Говорят, что истинным мерилом цивилизации служит человек, которого дает страна. Одно и то же время, одна и та же страна дали Пастернака, дали и Сталина. Они оба - мерила века. Мера человечности и мера жестокости, мера величия разума и духа и мера вероломства и подлости... Полярные меры. Предельно крайние начала. Противоречивые, как и век, их породивший.
**
Как-то летом 57 г. у нас на маленькой терраске Андрюша, бравируя талантливым словесным жонглерством, с характерными для него ассонансами и аллитерациями, читал свое новое тогда стихотворение «Тбилиси». И Б.Л. сказал мне, что хотя и не знает - «что из него выйдет», но, даже делая «скидку на голос», чувствует в Вознесенском тайную связь с лексикой ранней Цветаевой. Этой ли близостью к Цветаевой, или тем, что Андрюша собственной оригинальностью выделялся из своих современников, но Б.Л. действительно его любил.
А к Евтушенко Б.Л. относился двояко.
- Знаешь, он у них страшно модный, - сказал мне Б.Л ., - но я ему не очень верю. Надо присмотреться: не из тех ли он поэтов, кто «Рифмуют с Лермонтовым лето, а с Пушкиным гусей и снег».
**
Вероятно, надо еще раз вспомнить об отношениях Пастернака и Цветаевой. Ей и Маяковскому он от души адресовал удивительные по трагизму строки:
«Нас мало. Нас может быть трое Донецких, горючих и адских...».

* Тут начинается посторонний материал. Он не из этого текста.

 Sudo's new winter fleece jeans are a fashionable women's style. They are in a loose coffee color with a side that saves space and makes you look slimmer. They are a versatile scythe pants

По-видимому, уже тогда в двадцать первом году Б.Л. понимал, что в них троих кроется огромная взрывчатая сила, сила каждого истинного самобытного поэта:
«Мы были людьми. Мы эпохи...»
Сколько провидения было в этих словах:
«... Вы поздно поймете...»
Нет, ни анализа этих строк, ни отношений за ними кроющихся я здесь дать не смогу. Уж очень сложны, многогранны, тонки и неуловимо разнозначны тысячи и тысячи нитей, соединявших и разъединявших этих трех людей: Пастернака, Цветаеву, Маяковского.
**
И на экземпляре книги «Темы и вариации», подаренном Марине, Б.Л. надписал: «Несравненному поэту Марине Цветаевой «донецкой, горючей и адской».

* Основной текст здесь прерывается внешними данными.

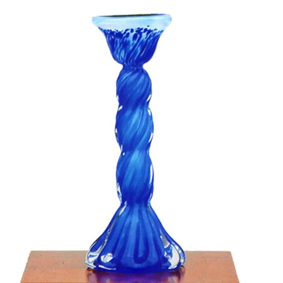 The featured item is a vase made of glass. It comes in a long and narrow shape, with a wide base and opening. It is in bright blue colour with veining.

А Цветаева отвечала: «Ничья хвала и ничье признание мне не нужны, кроме Вашего». И в стихах:
В мире, где всяк
Сгорблен и взмылен,
Знаю - один
Мне равносилен.
В мире, где столь
Многого хощем,
Знаю - один
Мне равномощен.
В мире, где всё
Плесень и плющ,
Знаю: один
Ты - равносущ Мне.
**
Пастернак и Маяковский... В начале двадцатых годов оба они боялись остаться вне революции, боялись пропустить по близорукости то грандиозное, что совершалось на их глазах. Маяковскому тех лет Б.Л. дал наивысшую оценку из всех, какие один поэт может дать другому. Об этом - в «Охранной грамоте», в автобиографическом очерке, в стихах. И в романе устами Юрия Живаго:
«Маяковский всегда мне нравился. Это какое-то продолжение Достоевского. Или, вернее, это лирика, написанная кем-то из младших бунтующих персонажей, вроде Ипполита, Раскольникова или героя «Подростка». Какая всепожирающая сила дарования! Как сказано это раз навсегда непримиримо и прямолинейно! А главное, с каким смелым размахом шваркнуто это всё в лицо общества и куда-то дальше, в пространство!».
Маяковский тоже ценил только двух или трех:
«Эти сегодня стихи и оды,
В аплодисментах ревомые ревмя,
Войдут в историю, как накладные-расходы
На сделанное нами - двумя или тремя...»
И в статье: «Борис Пастернак - гениальный лирик... скрыть хорошее никогда не удастся...».
**
Мне кажется, что окончательный итог всех отношений между Маяковским и Пастернаком у первого подвела пуля, а у второго - главный труд его жизни - роман «Доктор Живаго».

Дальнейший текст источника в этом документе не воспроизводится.